Top of Given material

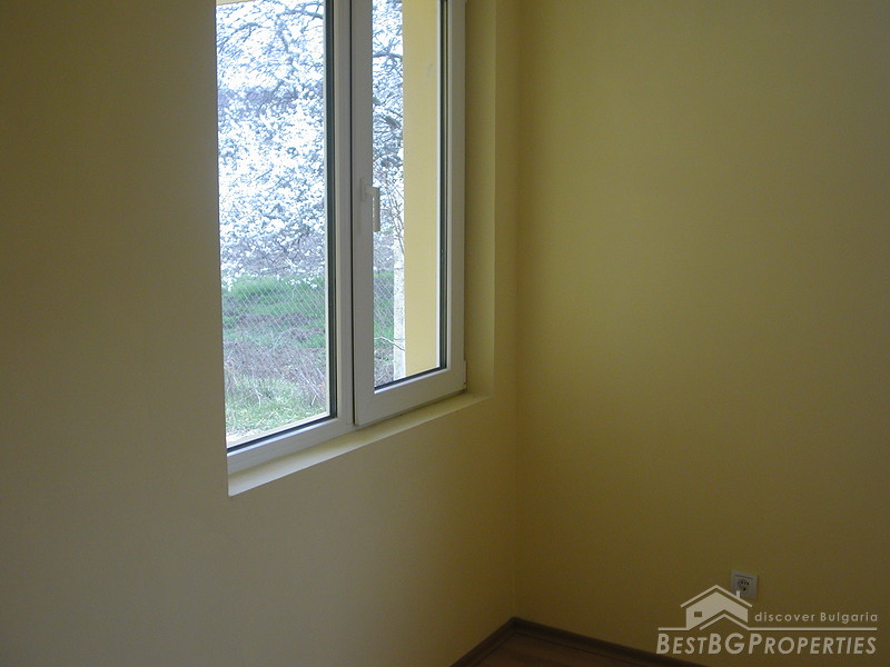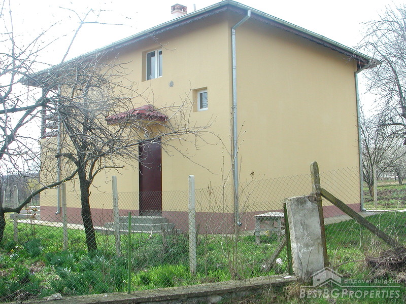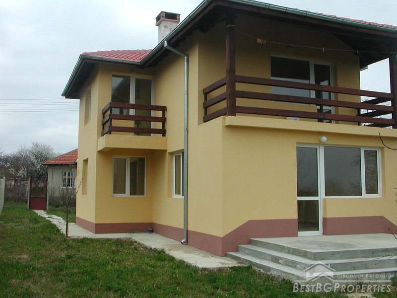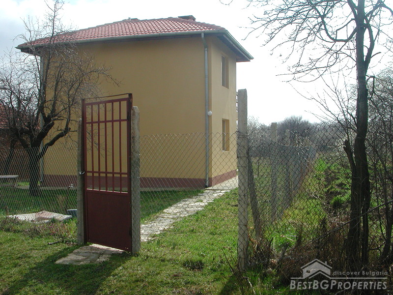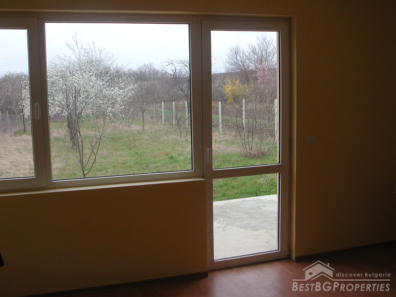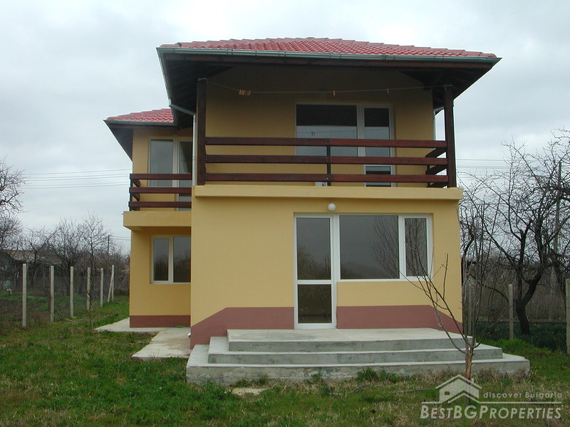 This house is a brand new built one.It has two floors.The first floor has a huge living room with French windows facing the garden,one bedroom with a bathroom and a toilet. Internal staircase takes you to the second floor and the extra two bedrooms with bathroom and a toilet there.The living room has a fireplace that heats the whole house. Laminate in the rooms and tiles in the bathrooms are already placed. The house has a huge garden of 850sq.m.
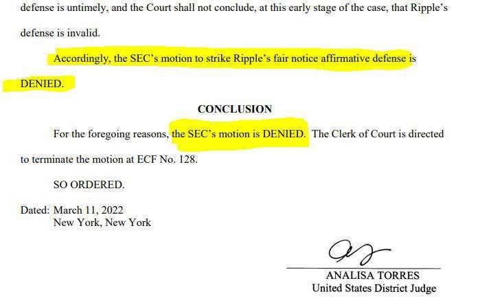 Сегодняшний приказ дает понять, что существует серьезный вопрос, предоставляла ли SEC Ripple справедливое уведомление о том, что продажа XRP с 2013 года когда-либо будет запрещено законом о ценных бумагах.
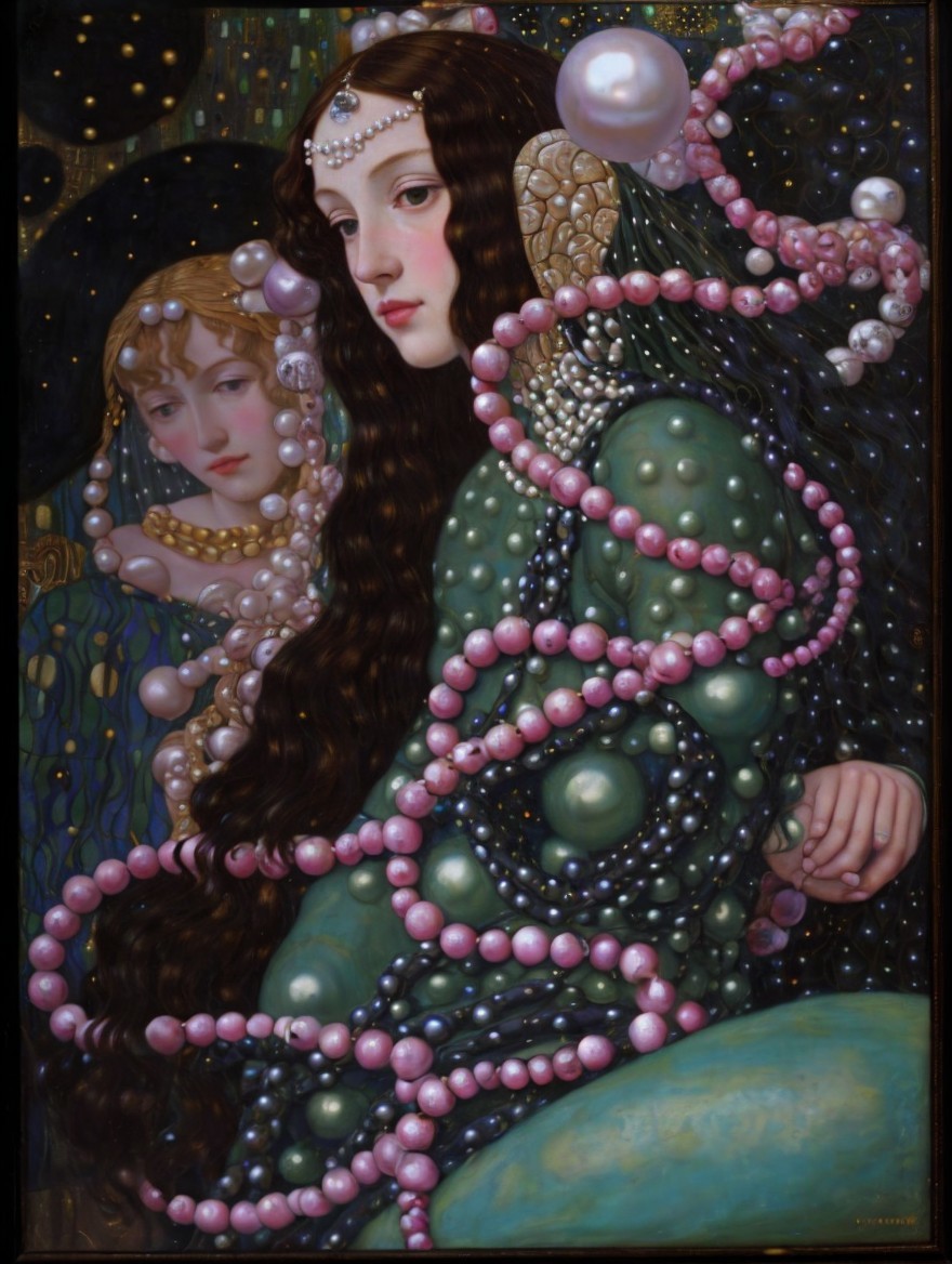 A graceful figure adorned with an array of pearls and gemstones, exuding elegance. The background features intricate patterns, enhancing the serene beauty and captivating allure of the subject.

Bottom of Given material

Leave every picture out. Retype the remaining data exactly.

(Answer for this exercise):
 This house is a brand new built one.It has two floors.The first floor has a huge living room with French windows facing the garden,one bedroom with a bathroom and a toilet. Internal staircase takes you to the second floor and the extra two bedrooms with bathroom and a toilet there.The living room has a fireplace that heats the whole house. Laminate in the rooms and tiles in the bathrooms are already placed. The house has a huge garden of 850sq.m.
 Сегодняшний приказ дает понять, что существует серьезный вопрос, предоставляла ли SEC Ripple справедливое уведомление о том, что продажа XRP с 2013 года когда-либо будет запрещено законом о ценных бумагах.
 A graceful figure adorned with an array of pearls and gemstones, exuding elegance. The background features intricate patterns, enhancing the serene beauty and captivating allure of the subject.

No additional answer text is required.